[Source records]
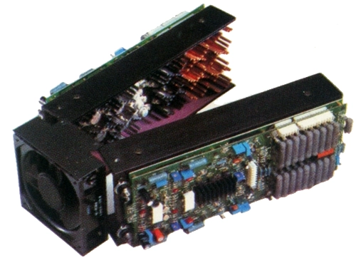 SM1000ではP510で実証ずみのものをさらに改良して採用しており、長さの異なる5種類のフィンをそれぞれのパワートランジスタに取り付け、冷却ファンによって強制空冷しています。
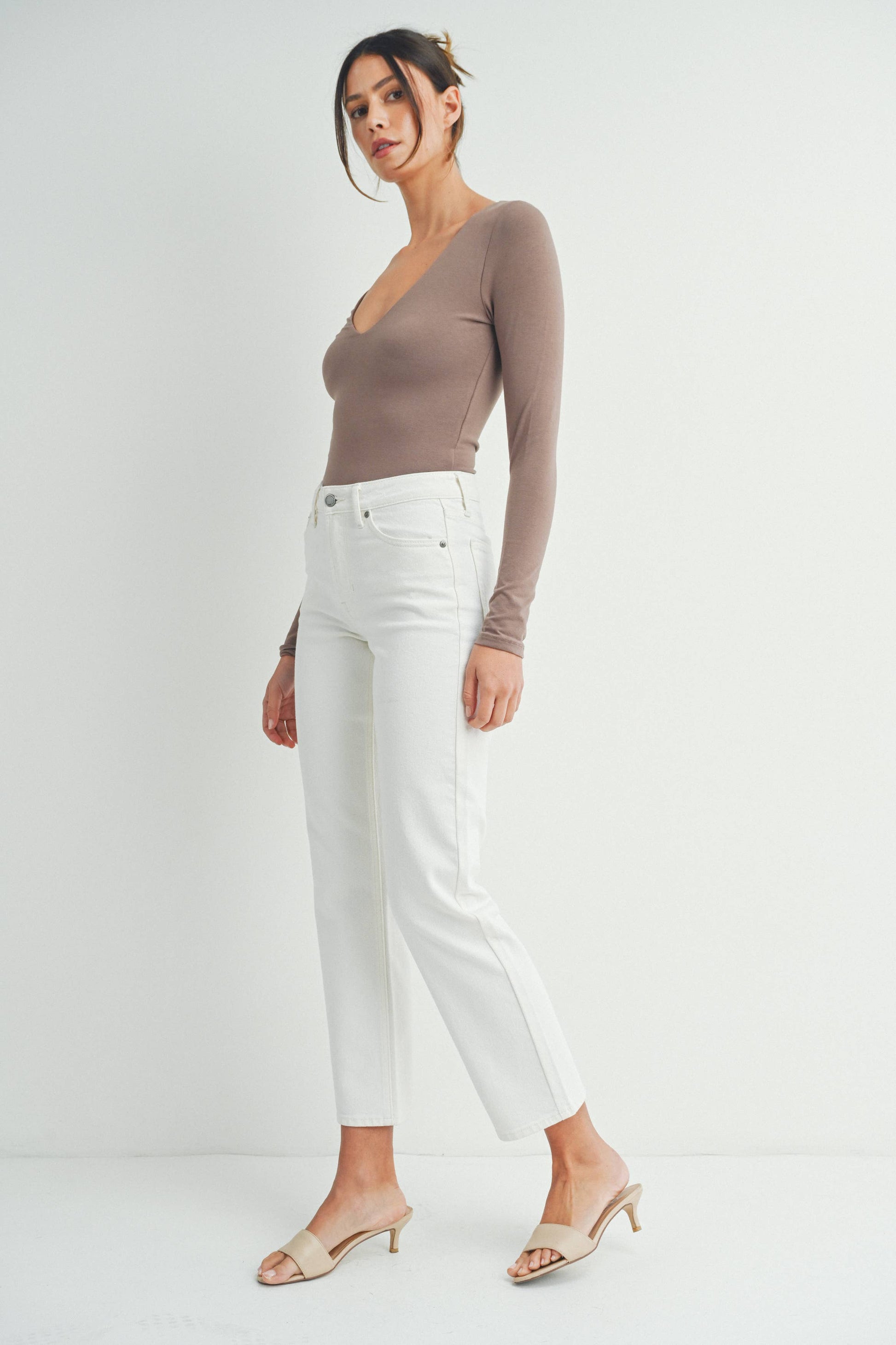 These Birch Jeans feature a clean, creme colored fabric with a straight-legged silhouette and neatly hemmed cuffs, offering a timeless and versatile addition to your wardrobe. Designed for a flattering fit, they provide both comfort and style, making them suitable for a variety of occasions from casual outings to more polished looks. The precise tailoring ensures durability and a crisp appearance, reflecting expert craftsmanship in denim wear.
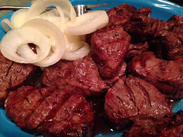 Week one, I stopped at the Slingerlands Shop Rite and cruised their meat aisles. There’s something about their displays or the lighting that makes everything look really good to me and the whole tenderloins caught my eye. I initially didn’t realize that the price on the package didn’t reflect the sale price of $4.99 a pound. Once I did the math, I decided to grab one and have it sliced into 1″ filets.
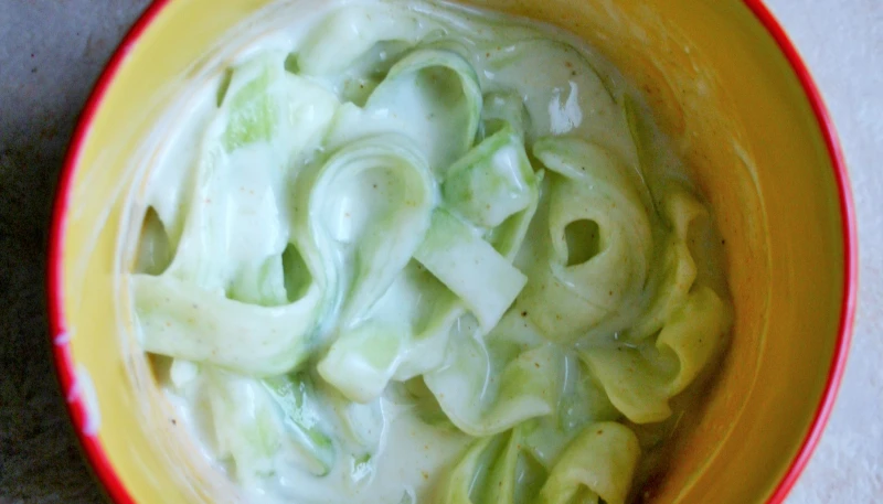 Mettre les "tagliatelles" obtenues dans le bol et y ajouter les yaourts
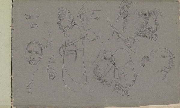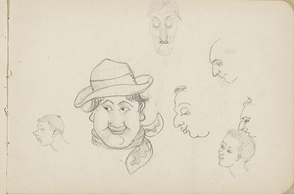 Curator: This is John Singer Sargent’s "Sketches and Caricatures," part of the collection at the Harvard Art Museums. It consists of graphite on paper. Editor: Quite a playful sheet, isn't it? It evokes a sense of spontaneous observation, capturing fleeting expressions and personalities. Curator: Indeed. Sargent’s deft handling of line is evident; notice how with a few strokes, he conveys volume and texture. Each sketch, though unfinished, possesses a distinct character. Editor: It also seems to reflect an era of social observation, documenting the various characters he encountered and how they were perceived, perhaps echoing common societal attitudes. Curator: Precisely. And consider how the very act of sketching facilitates the artist's engagement with the world around him. Editor: A fascinating collection of faces and gestures. It gives one pause to consider how caricature can reflect and shape our understanding of others, past and present.
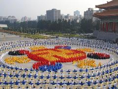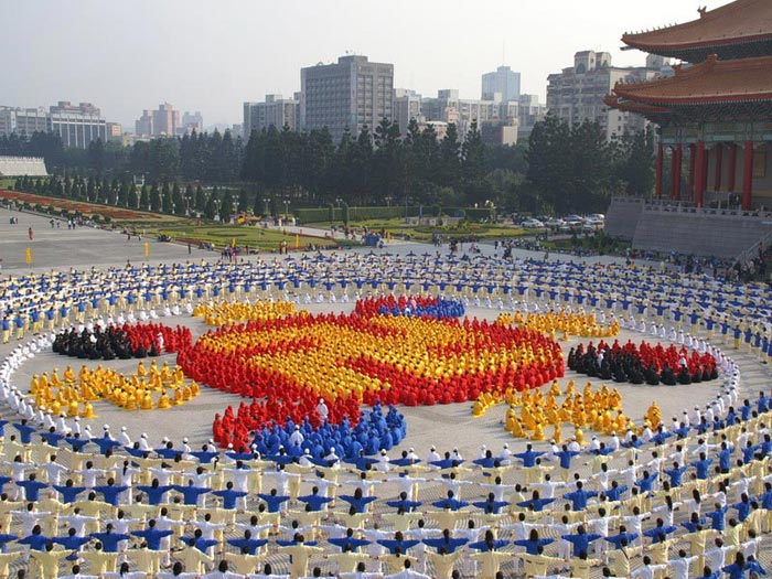 继1998年广州学员排组法轮图形,时隔七年,四千余人排成的法轮图形再现台北,震撼人心。在中共下令镇压法轮功前,大陆各地的集体炼功活动,场面也曾是如此盛大。在中共仍残酷迫害法轮功的今天,台湾学员排出法轮功的标记“法轮图形”,呈现海外各地自由学炼的盛况,也给予大陆法轮功学员积极声援与精神支持。
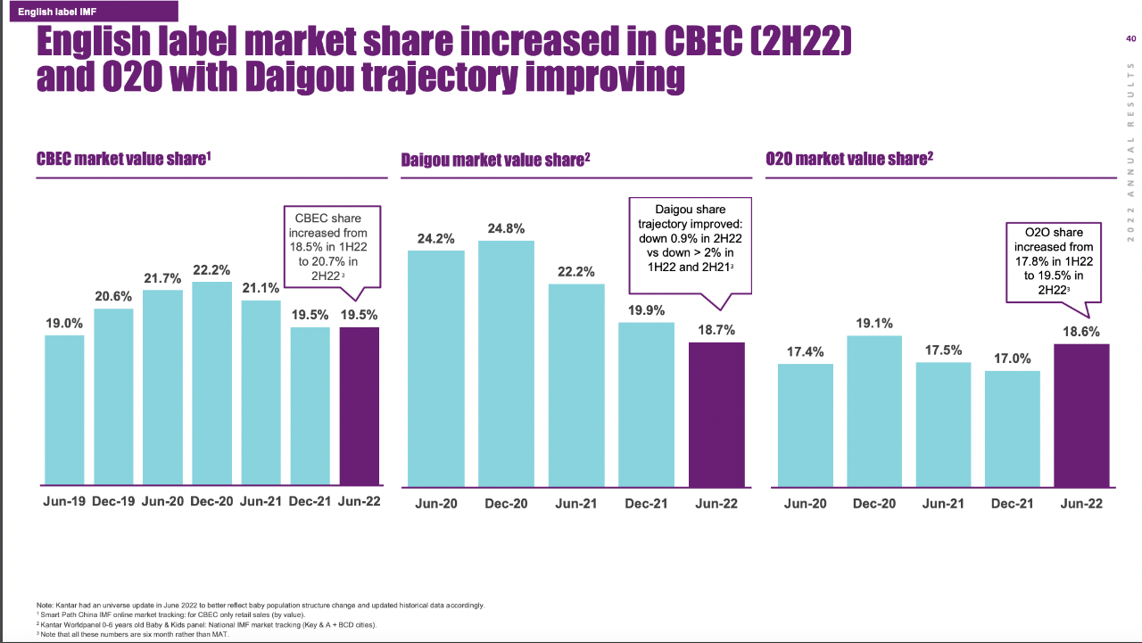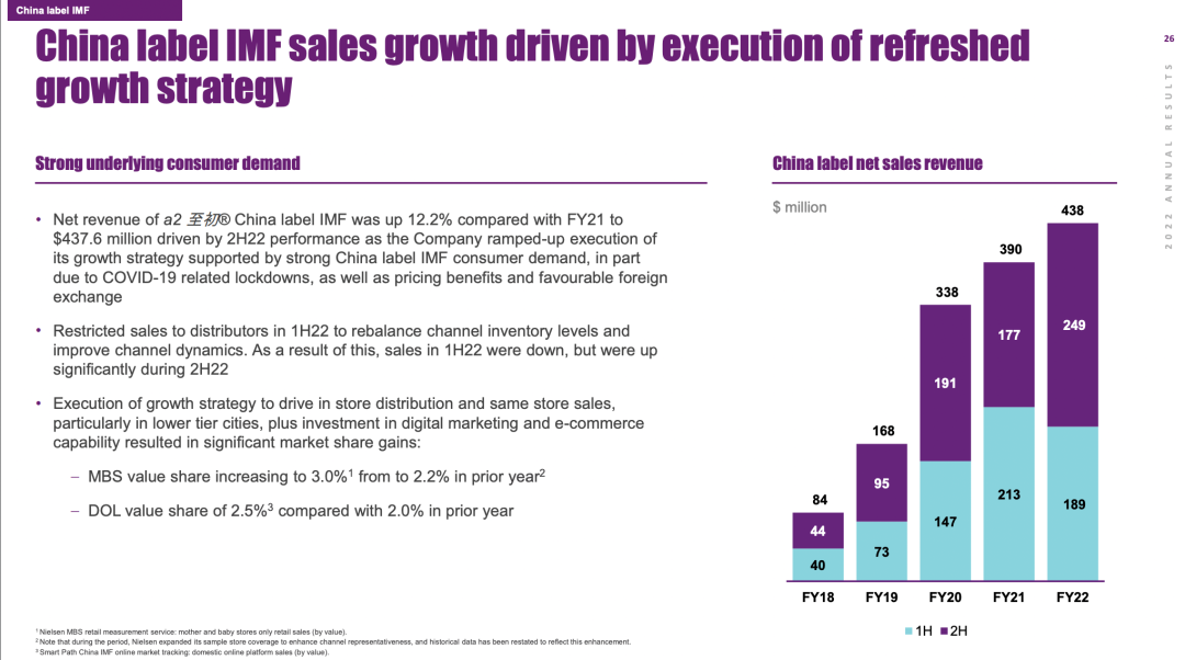 “正如预期,在今年上半年的主要促销活动期间,英标产品销售较去年略有下滑,但下半年已随着跨境电商和代购渠道的定价提高而恢复。”该公司称,根据Smart Path数据,截至2022年6月底,a2在跨境电商的市场价值份额为19.5%,下半年进一步回升至20.7%。2021年6月,该份额为21.1%。
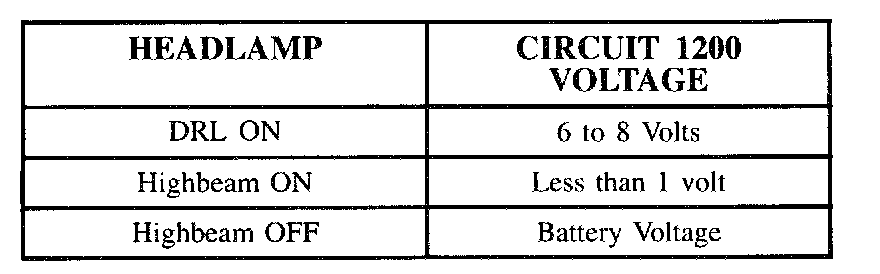 For DRL operation, the parking brake must be fully released, the ignition switch must be in the RUN position and headlamp switch must be in the Off position. On automatic transaxle vehicles the vehicle must be shifted out of Park to activate the DRL's. Under normal operating conditions, the feedback voltage to the BCM measured at circuit 1200 is:
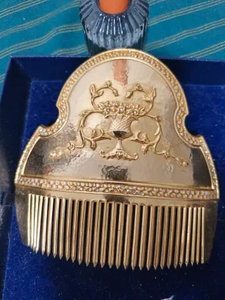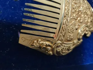 Conjunto de peinetas falleras de la marca Agustín. - Diseño dorado con ornamentación floral. - Incluye una peineta grande y dos pequeñas.
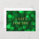 Presentkort med ord "A Gift for You" i faux guld mot en framväxande grönt bokeh ljus mönster på framsidan. Anpassa det här kortet med dina uppgifter genom att ersätta platshållartexten. Om du vill ha fler alternativ, t.ex. att ändra teckensnitt, storlek text / färg eller mellanrummet mellan brev, klickar du på knappen "Anpassa". *Observera att Zazzle Watermark som visas i zoomförhandsvisningen INTE visas på den färdiga tryckta produkten. © Rosewood and Citrus
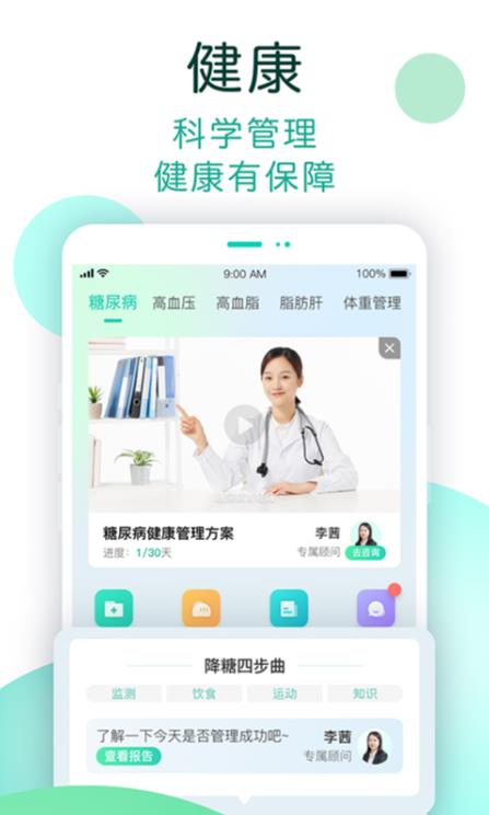3、在首页可以根据自己的健康状态查看健康建议和健康管理信息;

Work required: Restate the data word for word from its first line through the line with "These Birch Jeans", leaving out any picture along the way.

Answer:
 SM1000ではP510で実証ずみのものをさらに改良して採用しており、長さの異なる5種類のフィンをそれぞれのパワートランジスタに取り付け、冷却ファンによって強制空冷しています。
 These Birch Jeans feature a clean, creme colored fabric with a straight-legged silhouette and neatly hemmed cuffs, offering a timeless and versatile addition to your wardrobe. Designed for a flattering fit, they provide both comfort and style, making them suitable for a variety of occasions from casual outings to more polished looks. The precise tailoring ensures durability and a crisp appearance, reflecting expert craftsmanship in denim wear.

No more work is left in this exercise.